Google+: And You Thought Facebook Is A Privacy Nightmare - peternorton
http://www.conceivablytech.com/8343/products/google-and-you-thought-facebook-is-a-privacy-nightmare

======
judofyr
Privacy nightmare? Really?

First of all, Terms of Services are usually always quite broad. Beside, this
is just the regular Google ToS. I wouldn't be surprised if they'll get a
separate one later.

The point about available in search results is fine enough, but the only
information that's forced available is your name, your profile picture and
your gender. If you're commenting on other people posts (either on Facebook or
G+) your name and profile picture _will_ be seen by other people.

Finally: "[G+] provide limited tools to impact the display of your page." Ehm,
have they actually tried the service? Every time you attempt to share
_anything_ you're asked for which circles to include. By default it's empty
(not public like on Facebook) and you'll have to make a choice.

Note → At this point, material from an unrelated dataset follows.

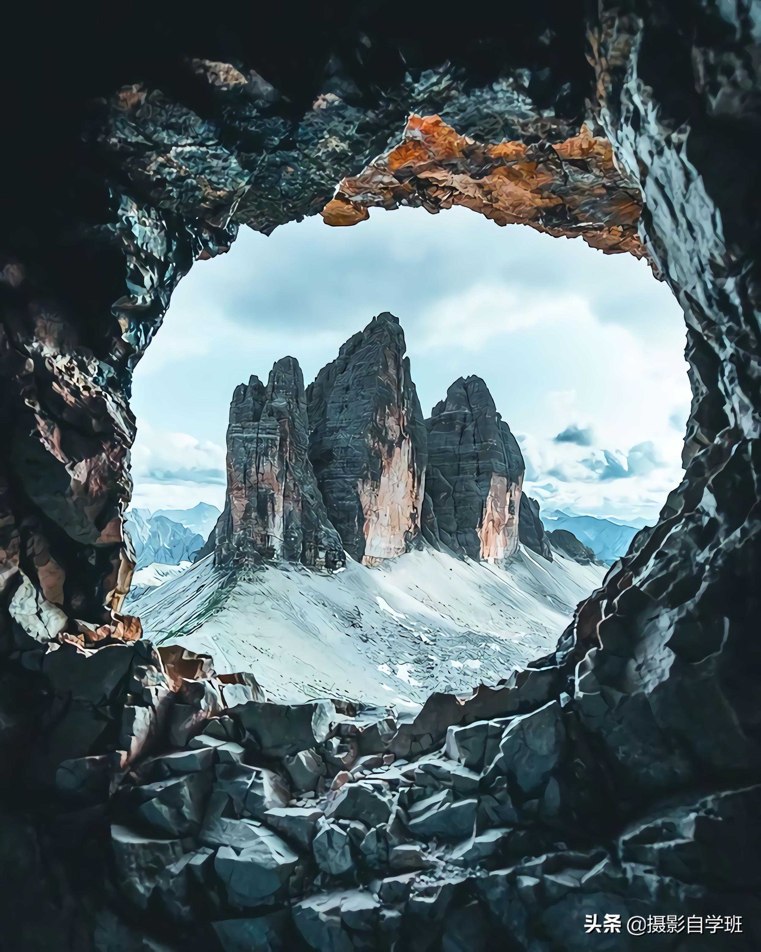 普通人在没有拍摄经验时,要先积累经验,在拍摄前,先确定重点,在拍摄时,要先学会寻找自然的相框,这个框,只是概念上的框,很多时候并不规则,像上图这样。然后改变角度,让所拍的重点,位于这框中,比如上图的小房子,比如下图远处的山。这种方法,也被很多人称为框式构图。使用框式构图时,一定要注意,一定要有重点,因为你是为了拍重点,而不是为了拍框。
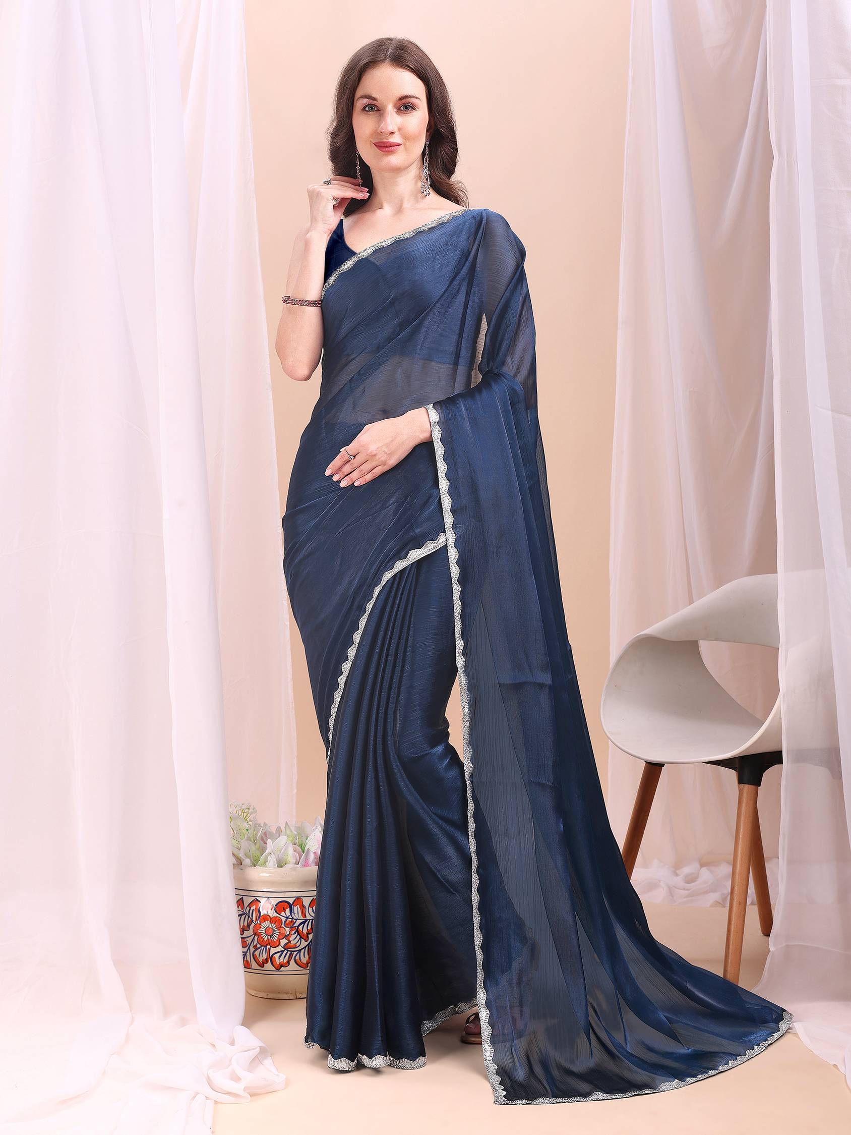 Elevate your ethnic wardrobe with this elegant saree, crafted from soft, lightweight fabric that drapes beautifully for a flattering silhouette. The saree features a shimmering sheen that adds a touch of glamour, while the silver scalloped lace border enhances its sophisticated appeal. Ideal for festive occasions, weddings, and evening parties, this saree is a timeless blend of simplicity and elegance. Pair it with statement jewelry and heels to complete your look.

"Posted information is shared with the last defined set of people who you
shared some information with." Yes, but your privacy settings is still shown
right there. Facebook is worse: they hide it away under a security lock icon
which is _always_ locked (even if the post will be public) giving a false
sense of security.

"Once posted, this setting cannot be changed anymore." Uhm, I would be _very_
concerned if people could change the privacy settings on a post _after_ it's
been created.

And let's not forget that everyone working on G+ has been very concerned about
privacy issues. E.g. previously a public post was created when you changed
your profile picture. Some people was harassed on these posts so now they've
changed it to default to "Your circles" (although you can always delete if you
want).

EDIT: Your gender is publicly visible too. Thanks callahad.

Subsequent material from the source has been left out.